━━ Data below ━━

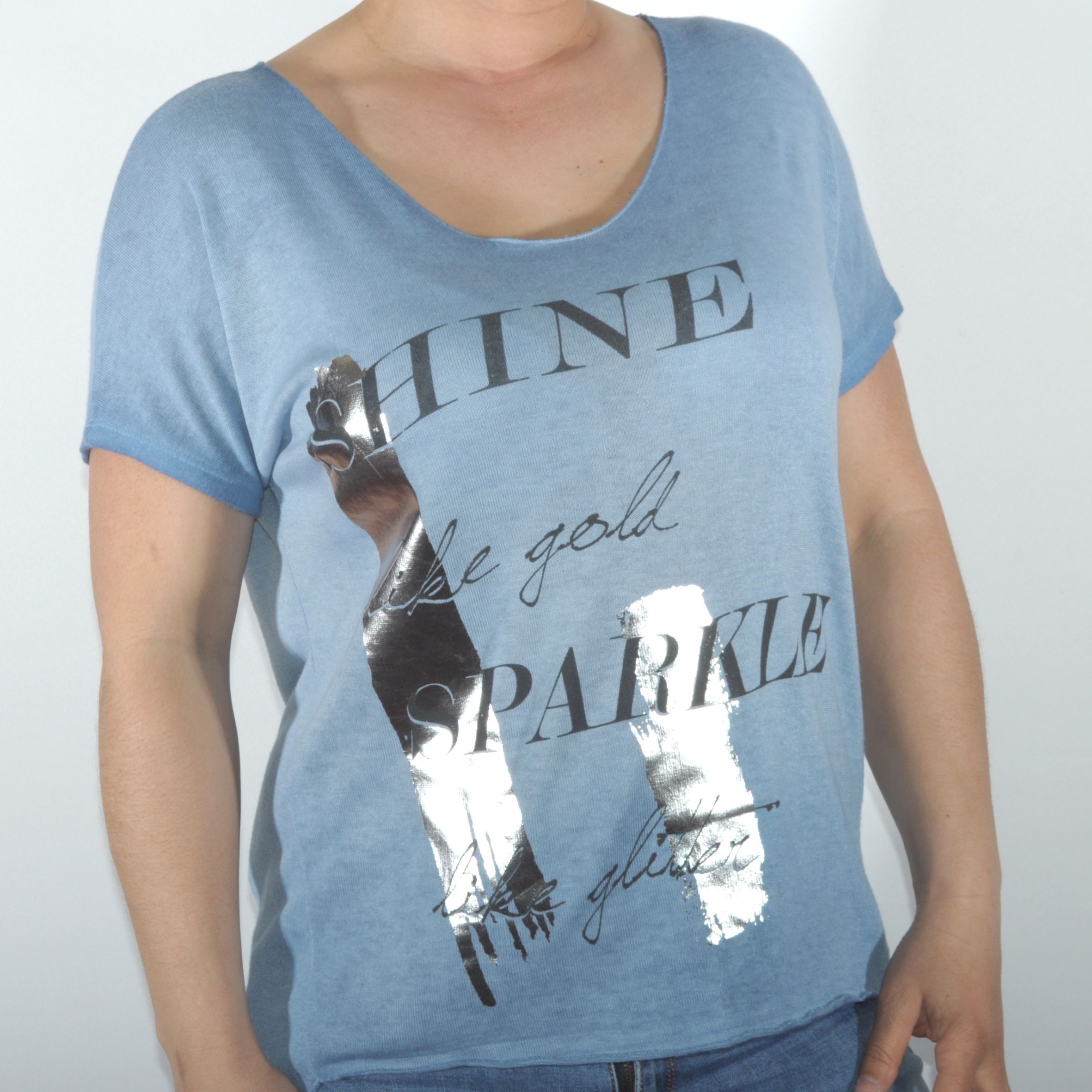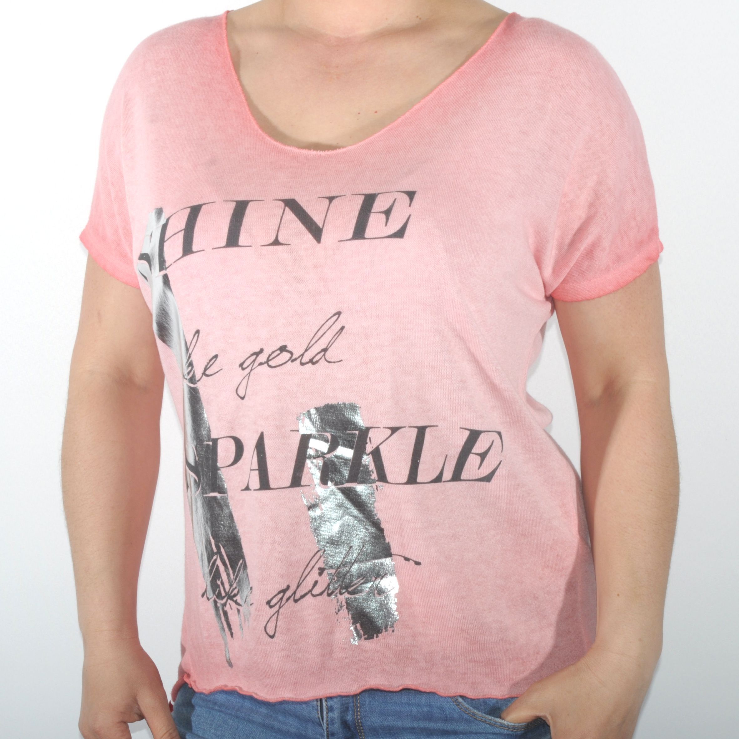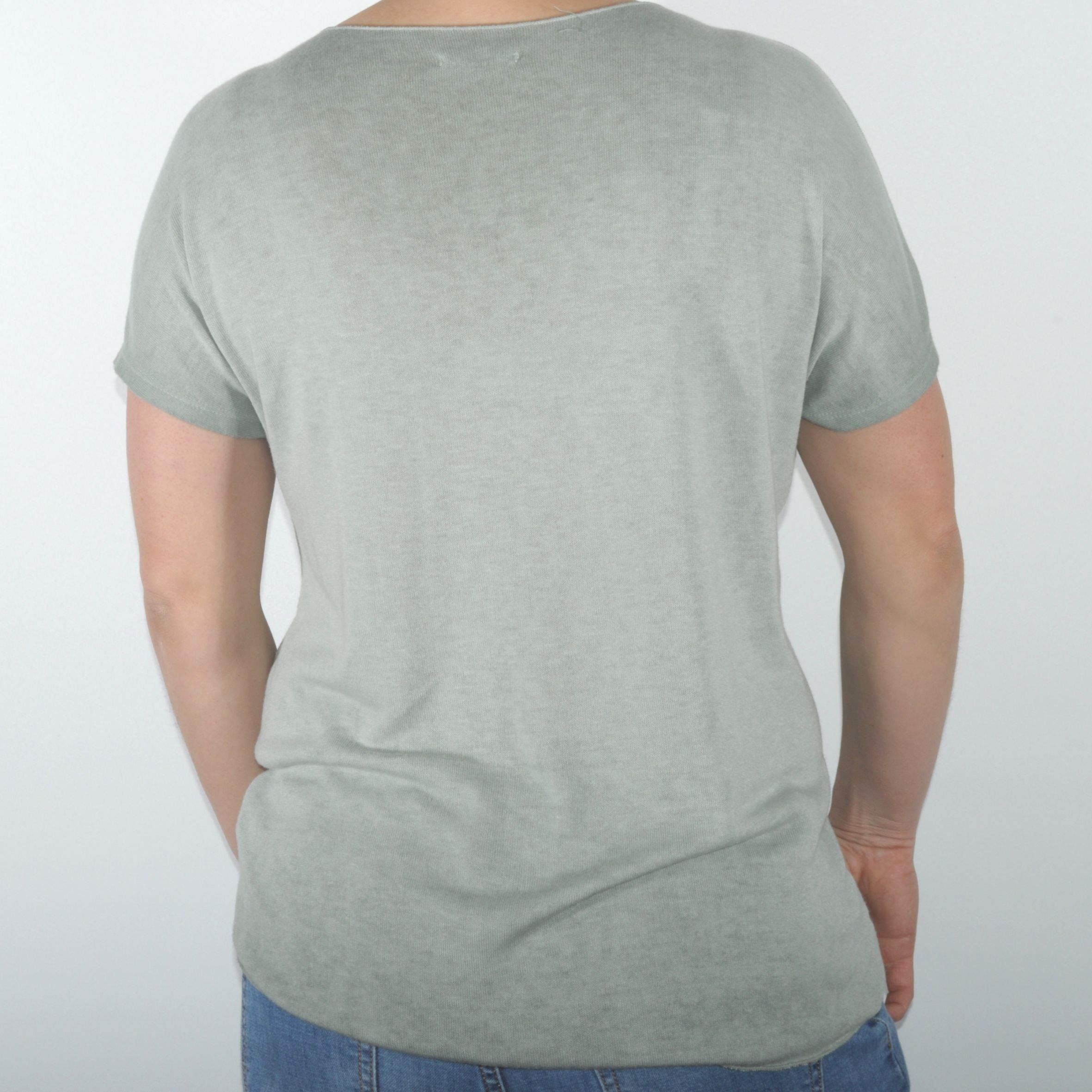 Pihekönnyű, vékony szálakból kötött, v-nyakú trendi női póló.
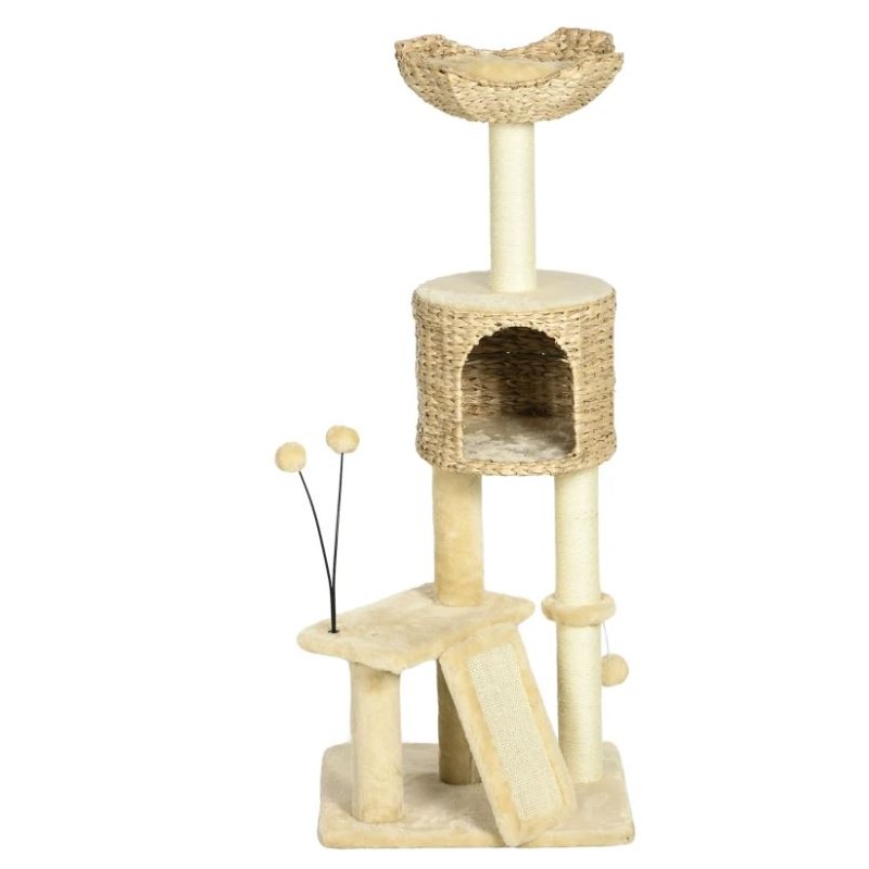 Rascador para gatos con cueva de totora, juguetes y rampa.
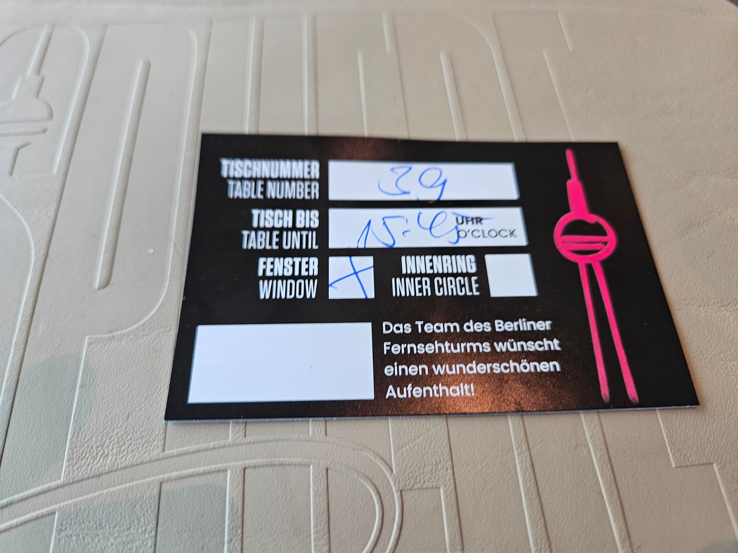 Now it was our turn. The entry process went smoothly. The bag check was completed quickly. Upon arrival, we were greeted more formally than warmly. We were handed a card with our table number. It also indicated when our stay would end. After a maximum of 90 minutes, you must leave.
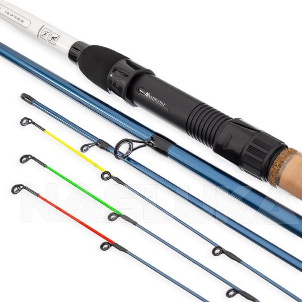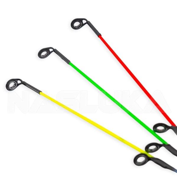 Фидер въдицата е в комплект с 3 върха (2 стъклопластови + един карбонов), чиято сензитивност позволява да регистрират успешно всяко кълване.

━━━

- Work item: Counting both ends, reproduce word for word the lines from the line with "Rascador para gatos" to the final line of the listing above, skipping every picture.

- Answer area:
 Rascador para gatos con cueva de totora, juguetes y rampa.
 Now it was our turn. The entry process went smoothly. The bag check was completed quickly. Upon arrival, we were greeted more formally than warmly. We were handed a card with our table number. It also indicated when our stay would end. After a maximum of 90 minutes, you must leave.
 Фидер въдицата е в комплект с 3 върха (2 стъклопластови + един карбонов), чиято сензитивност позволява да регистрират успешно всяко кълване.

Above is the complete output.